Иногда говорят, что в поэме «150 000 000» Маяковский страдает излишним гиперболизмом. Это, на наш взгляд, не совсем точное определение, ибо «умеренность» в гиперболе в принципе недостижима, а гиперболизм Маяковского (во всем его творчестве и в тот период в особенности) – явление до такой степени органичное и закономерное, что без него поэт не мыслим как самобытная индивидуальность. Огромность фигур Ивана и Вильсона, доходящая до планетарных размеров, ничуть не вредит ясности этих образов, а напротив – ей способствует. Усложненность здесь не является следствием «величины» гипербол, а связана с тем, что можно условно назвать «гиперболизмом» художественных средств поэмы, утяжеленной вспомогательными неоднородными приемами, отвлекающими от главной сути произведения. Здесь, так сказать, за «деревьями» не всегда виден «лес».
К тому же в поэтической «велеречивости» повествования, с которой Маяковский хотел, но не смог расстаться, достаточно очевидно проявились тенденции, связанные с футуризмом и с поисками новых форм языковой выразительности. Эти поиски – в их широком, принципиальном значении – были необходимы и естественны для такого неустанного изобретателя, каким выступал Маяковский.
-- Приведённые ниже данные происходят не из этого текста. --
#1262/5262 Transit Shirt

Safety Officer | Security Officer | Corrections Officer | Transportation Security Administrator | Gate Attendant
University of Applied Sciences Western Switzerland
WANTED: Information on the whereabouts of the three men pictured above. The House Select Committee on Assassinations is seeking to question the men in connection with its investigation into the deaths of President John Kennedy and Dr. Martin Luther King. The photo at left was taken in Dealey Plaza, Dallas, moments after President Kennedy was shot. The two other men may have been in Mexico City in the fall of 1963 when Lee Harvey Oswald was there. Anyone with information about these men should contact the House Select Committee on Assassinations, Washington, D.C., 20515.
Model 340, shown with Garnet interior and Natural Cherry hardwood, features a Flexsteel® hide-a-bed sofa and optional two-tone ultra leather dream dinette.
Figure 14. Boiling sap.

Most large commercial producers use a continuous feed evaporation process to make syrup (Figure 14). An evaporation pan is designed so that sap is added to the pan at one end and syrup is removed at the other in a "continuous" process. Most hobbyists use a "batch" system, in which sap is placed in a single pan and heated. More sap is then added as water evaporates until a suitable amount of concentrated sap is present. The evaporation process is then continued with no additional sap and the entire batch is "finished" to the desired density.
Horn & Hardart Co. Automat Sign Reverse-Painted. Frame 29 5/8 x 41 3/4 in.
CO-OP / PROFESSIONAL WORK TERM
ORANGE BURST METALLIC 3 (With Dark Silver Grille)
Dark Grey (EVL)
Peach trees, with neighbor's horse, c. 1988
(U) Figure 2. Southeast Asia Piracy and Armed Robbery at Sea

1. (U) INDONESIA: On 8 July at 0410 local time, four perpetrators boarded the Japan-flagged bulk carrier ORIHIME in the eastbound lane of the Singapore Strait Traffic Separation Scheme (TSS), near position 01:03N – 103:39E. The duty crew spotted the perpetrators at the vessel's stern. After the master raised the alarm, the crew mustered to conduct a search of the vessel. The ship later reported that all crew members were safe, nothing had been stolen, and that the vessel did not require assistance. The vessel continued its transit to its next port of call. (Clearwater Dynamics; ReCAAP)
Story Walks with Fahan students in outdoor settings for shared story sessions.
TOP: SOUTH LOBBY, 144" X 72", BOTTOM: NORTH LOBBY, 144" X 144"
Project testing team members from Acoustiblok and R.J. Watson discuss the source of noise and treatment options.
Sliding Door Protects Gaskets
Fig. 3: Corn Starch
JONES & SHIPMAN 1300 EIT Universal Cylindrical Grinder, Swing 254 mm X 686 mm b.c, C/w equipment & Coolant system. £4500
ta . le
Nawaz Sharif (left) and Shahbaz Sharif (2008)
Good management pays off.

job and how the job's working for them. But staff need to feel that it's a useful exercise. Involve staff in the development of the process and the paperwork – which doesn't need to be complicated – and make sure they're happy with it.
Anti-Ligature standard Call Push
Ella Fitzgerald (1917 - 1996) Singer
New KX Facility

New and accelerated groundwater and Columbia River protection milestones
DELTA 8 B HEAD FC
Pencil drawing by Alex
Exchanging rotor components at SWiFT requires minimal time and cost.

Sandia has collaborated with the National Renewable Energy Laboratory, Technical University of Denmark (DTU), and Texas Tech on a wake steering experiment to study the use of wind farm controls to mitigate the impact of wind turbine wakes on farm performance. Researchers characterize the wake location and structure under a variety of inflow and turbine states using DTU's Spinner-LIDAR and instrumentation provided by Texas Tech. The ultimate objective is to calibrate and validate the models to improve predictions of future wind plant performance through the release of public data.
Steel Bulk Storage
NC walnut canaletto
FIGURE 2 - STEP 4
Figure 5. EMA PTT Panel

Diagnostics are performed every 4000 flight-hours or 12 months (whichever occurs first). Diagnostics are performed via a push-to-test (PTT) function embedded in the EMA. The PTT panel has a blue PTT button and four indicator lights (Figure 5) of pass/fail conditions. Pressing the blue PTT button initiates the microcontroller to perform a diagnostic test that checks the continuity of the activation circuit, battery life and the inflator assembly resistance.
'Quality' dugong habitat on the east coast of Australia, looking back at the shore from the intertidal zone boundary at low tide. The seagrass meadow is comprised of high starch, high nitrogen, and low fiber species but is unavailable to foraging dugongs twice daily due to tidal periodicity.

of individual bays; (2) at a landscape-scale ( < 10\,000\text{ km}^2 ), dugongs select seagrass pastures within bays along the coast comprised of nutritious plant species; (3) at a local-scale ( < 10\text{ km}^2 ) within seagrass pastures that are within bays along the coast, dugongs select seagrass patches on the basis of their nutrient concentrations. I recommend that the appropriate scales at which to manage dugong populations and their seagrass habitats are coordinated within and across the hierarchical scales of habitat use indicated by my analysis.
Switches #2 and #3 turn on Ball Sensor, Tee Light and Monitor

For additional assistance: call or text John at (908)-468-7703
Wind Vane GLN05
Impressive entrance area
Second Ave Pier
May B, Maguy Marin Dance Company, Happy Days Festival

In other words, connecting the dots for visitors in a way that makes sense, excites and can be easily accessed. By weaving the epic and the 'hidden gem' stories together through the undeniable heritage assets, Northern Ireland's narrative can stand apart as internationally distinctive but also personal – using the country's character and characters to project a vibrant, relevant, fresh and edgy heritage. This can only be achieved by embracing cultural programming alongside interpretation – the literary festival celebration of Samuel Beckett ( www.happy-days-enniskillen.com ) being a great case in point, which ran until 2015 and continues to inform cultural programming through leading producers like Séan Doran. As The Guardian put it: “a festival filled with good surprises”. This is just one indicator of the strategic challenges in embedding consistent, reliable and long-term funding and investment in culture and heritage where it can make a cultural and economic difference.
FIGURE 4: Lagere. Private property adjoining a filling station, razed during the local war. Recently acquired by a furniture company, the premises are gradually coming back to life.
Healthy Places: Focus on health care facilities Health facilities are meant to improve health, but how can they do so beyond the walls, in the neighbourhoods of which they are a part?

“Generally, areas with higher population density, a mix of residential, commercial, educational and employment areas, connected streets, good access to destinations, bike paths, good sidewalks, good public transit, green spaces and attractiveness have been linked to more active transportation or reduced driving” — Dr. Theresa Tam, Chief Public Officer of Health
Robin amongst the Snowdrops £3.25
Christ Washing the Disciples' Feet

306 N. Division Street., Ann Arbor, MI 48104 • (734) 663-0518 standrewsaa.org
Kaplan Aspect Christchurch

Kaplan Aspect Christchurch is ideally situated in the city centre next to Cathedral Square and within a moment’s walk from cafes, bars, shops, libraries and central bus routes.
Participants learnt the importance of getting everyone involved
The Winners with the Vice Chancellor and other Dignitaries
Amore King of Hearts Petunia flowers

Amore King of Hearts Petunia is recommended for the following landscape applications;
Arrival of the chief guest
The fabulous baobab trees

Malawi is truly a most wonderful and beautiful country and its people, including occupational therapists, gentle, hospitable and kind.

Но в данном случае, в поэме, рассчитанной на миллионы, они выглядят инородным телом (в особенности рядом с ее заявками и масштабами), затрудняют ее течение и понимание. Когда Маяковский по ходу рассказа начинает экспериментировать («Баарбей! Баарбань!», «Скорейскорей!» и т. п.), его словоновшества – даже независимо от того, «находки» это или «издержки» – становятся часто помехами на пути всероссийского Ивана и мельчат тему, вступая в противоречие с ее эпически-на родной основой, с ее плакатной лаконичностью. «Слов звонконогие гимнасты», залетевшие в поэму и занимающиеся здесь формальными упражнениями в то время, как 150 000 000 идут на подвиг, – сообщают произведению заметный футуристический крен.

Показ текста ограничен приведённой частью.